I wouldn't quite call it useless, but it's pretty flaky. I've hacked around most of the issues and I am actually getting good captures with it on my 3458A. The driver definitely needs attention but in the absence of that these are my workarounds:
- First of all, for some reason I can't have the polling of the instrument in a python loop. I tried multiple things, like destroying objects on each iteration etc.. when you keep polling in a loop there is some residual state or a memory leak caused by the driver which causes the USB subsystem to become locked out. You basically get a USB device driver busy after a while and you are no longer able to poll. The workaround for this is to execute a system process each time you poll.. ugly and annoying but this resolved the issue, I haven't had USB device busy since I did that.
process = os.popen('/usr/bin/python ad_hoc_hp3458a.py')
list_returned = process.read().split('\n')
process.close()
return float(list_returned[-2])
That basically executes the following script and converts the second to last line into float.

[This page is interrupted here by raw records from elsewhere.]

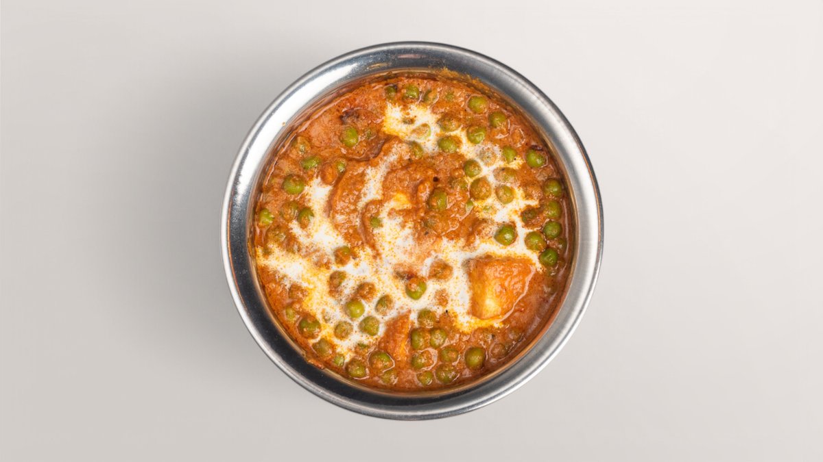 mit gedämpften grünen Erbsen, Gewürzen und Sahne, serviert mit Hüttenkäse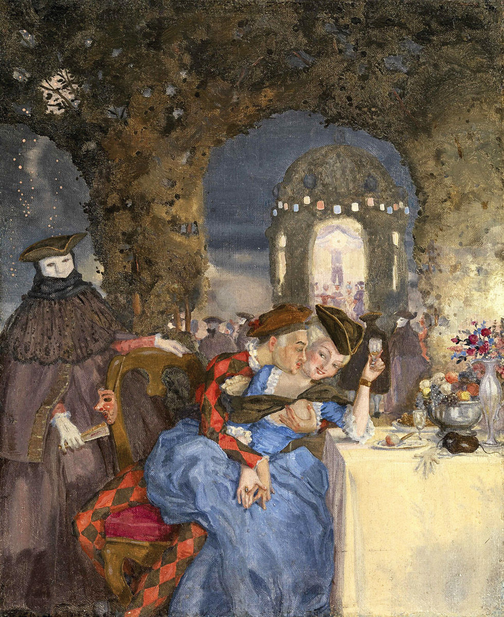 However, it was invariably Diaghilev’s St. Petersburg group of Somov, Benois, and their closest companions whose paintings and graphic works formed the core of these exhibitions. They were responsible for shaping that original art movement which has long been known as the Golovin. In the following pages, we shall attempt to describe the salient features of this movement, its aesthetic stance, creative concerns, and pictorial principles. However, it must be most emphatically stressed that none of the exhibitions or educational activities of the group were confined to any single creative trend. The Golovin cannot be properly understood in isolation from the extensive range of diverse phenomena making up early-twentieth-century Russian art.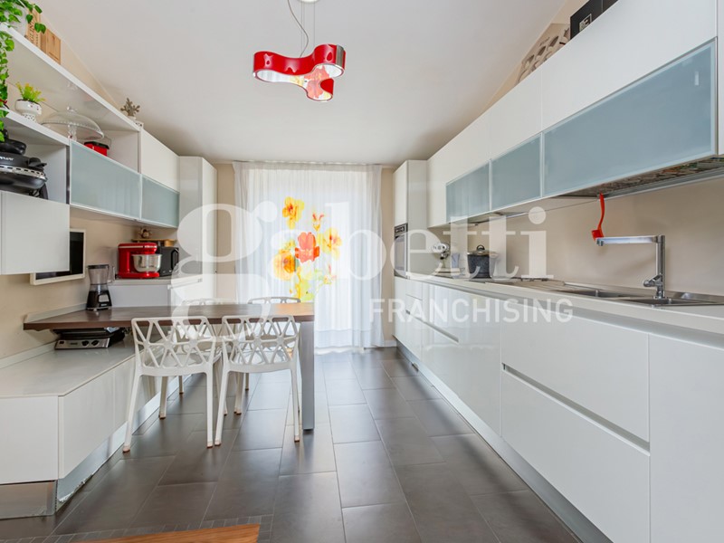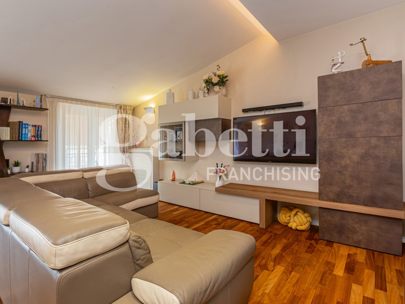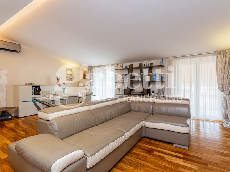 L'appartamento, che verrà consegnato parzialmente arredato, è composto da: ingresso in salone doppio, una camera da letto matrimoniale con cabina armadio e bagno in camera, ulteriore camera da letto, bagno padronale, cucina abitabile, e due ampie balconate che permettono di godere di una vista panoramica sulla zona circostante.
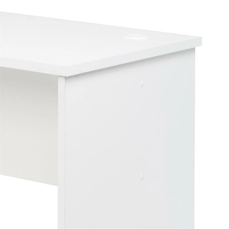 The multipurpose L-Shaped Desk is a versatile addition to a home office or family room and its symmetrical design means it can be installed left or right as your workspace demands. It has been thoughtfully designed to include three wire management locations (one at each end and one at the corner) as well as modesty panels positioned slightly forward to allow access to electrical outlets. Because it is finished on all sides, this workstation will fit snuggly in the corner or can be turned around and positioned like an executive desk. With ample desktop surfaces for dual monitors, the multifunctional L-Desk is also ideal as a gaming center. The corner compartment will fit most CPUs or gaming consoles or can be used for storage. The extra desk space also makes a great place to put a printer or scanner or to simply spread out books for studying.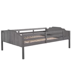 A perfect space-saving solution for multi-child families. A full bed combined with two twin beds, this triple bunk bed provides a convenient and flexible arrangement option for large families and sleepovers by taking advantage of vertical space. A gray finish enhances the smooth lines and adds a contemporary feel to any room set aside for multiple to sleep. Crafted with pine wood and plywood, this triple bunk bed is sturdy and durable to withstand the test of time. The angled ladder allows you to easily access the upper bed. Sturdy guardrails protect you as you sleep through the night. Ample storage space is provided by the two large drawers under the lower beds. This set works perfectly as a stacked full over twin & twin unit or divided into three separate beds. You can choose the combination method based on your own needs.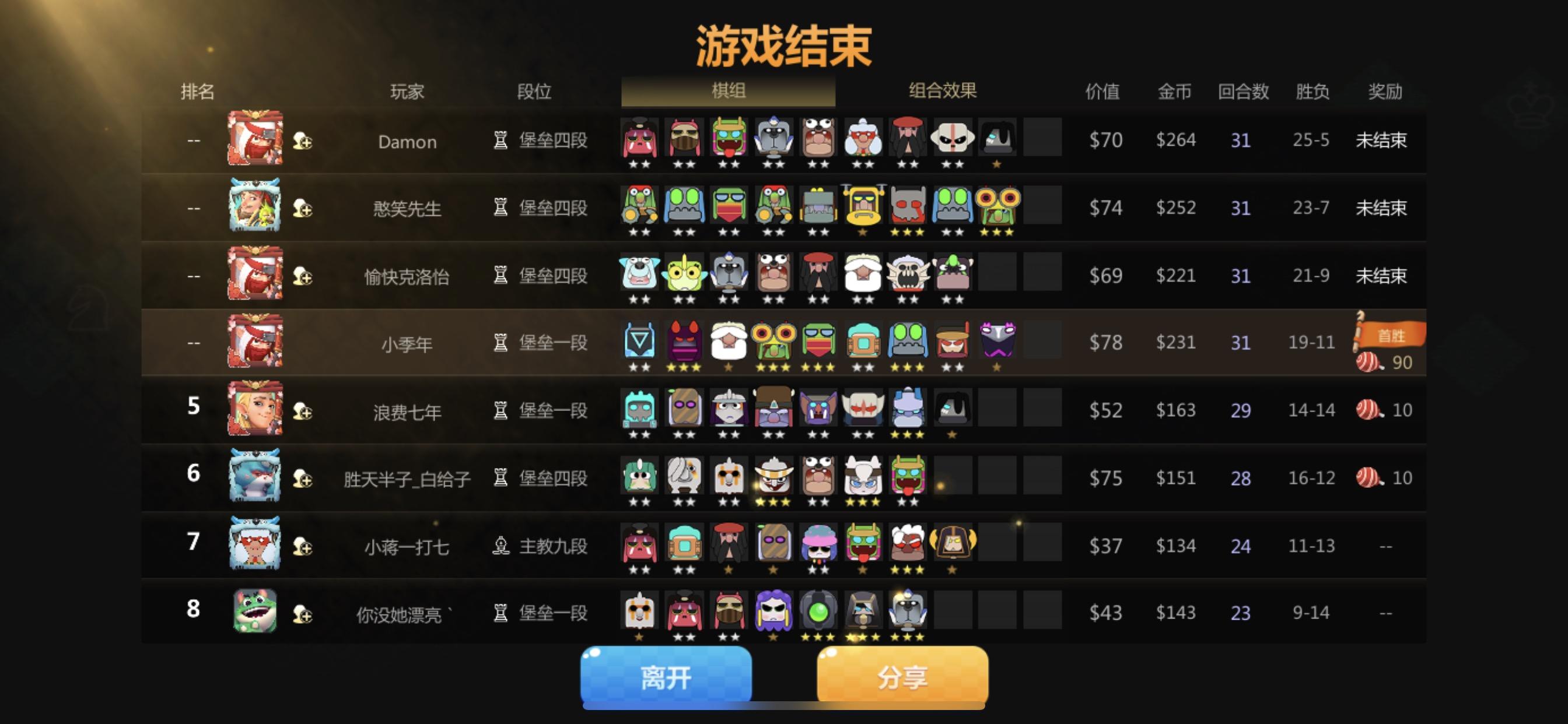 结算出错误了,我明明赢了我看第一个着然后我赢了,结算说是我获得了第二,第一我然后退出去还是第二。你不要说我的阵容打不过第一。

from ugsimple.GPIB import UGSimpleGPIB
import time
import sys
class Delay(object):
""" introduces a delay into a while loop
with a timeout
"""
def __init__(self):
self.i = 0
self.timeout = 50
def delay(self):
self.i += 1
if self.i == 1:
# no delay on the first run
return self.i
time.sleep(0.1)
if self.i > self.timeout:
sys.exit(1)
return self.i
if __name__ == '__main__':
# Initialize the UGSimpleGPIB USB adapter
# Requires root permissions (or add the udev rule)
mygpib = UGSimpleGPIB(debug_mode=False)
# List Connected Devices
print mygpib.query_devices()
# GPIB address of the device
addy = 22
data = ''
d = Delay()
# sending the command to 3458A
mygpib.write(addy, "TARM AUTO")
# reading from device
while data == '':
print d.delay()
data = mygpib.read(addy)
print 'data: {}'.format(data)
print ('%.08f' % float(data))
The notable change from the example script the python driver ships with is that I discovered that their read() function is non blocking. Which means if the instrument doesn't respond in time the result just gets abandoned. This caused a lot of missed readings in the past, and since I implemented this hack.. I have not missed a single reading.
I do still get occasional syntax errors, but the polling never gets interrupted, and the readings aren't corrupted by it. It is definitely flakey, and your mileage may vary with other instruments I haven't yet tested it with. But it is a workable solution. I am getting useful captures from it.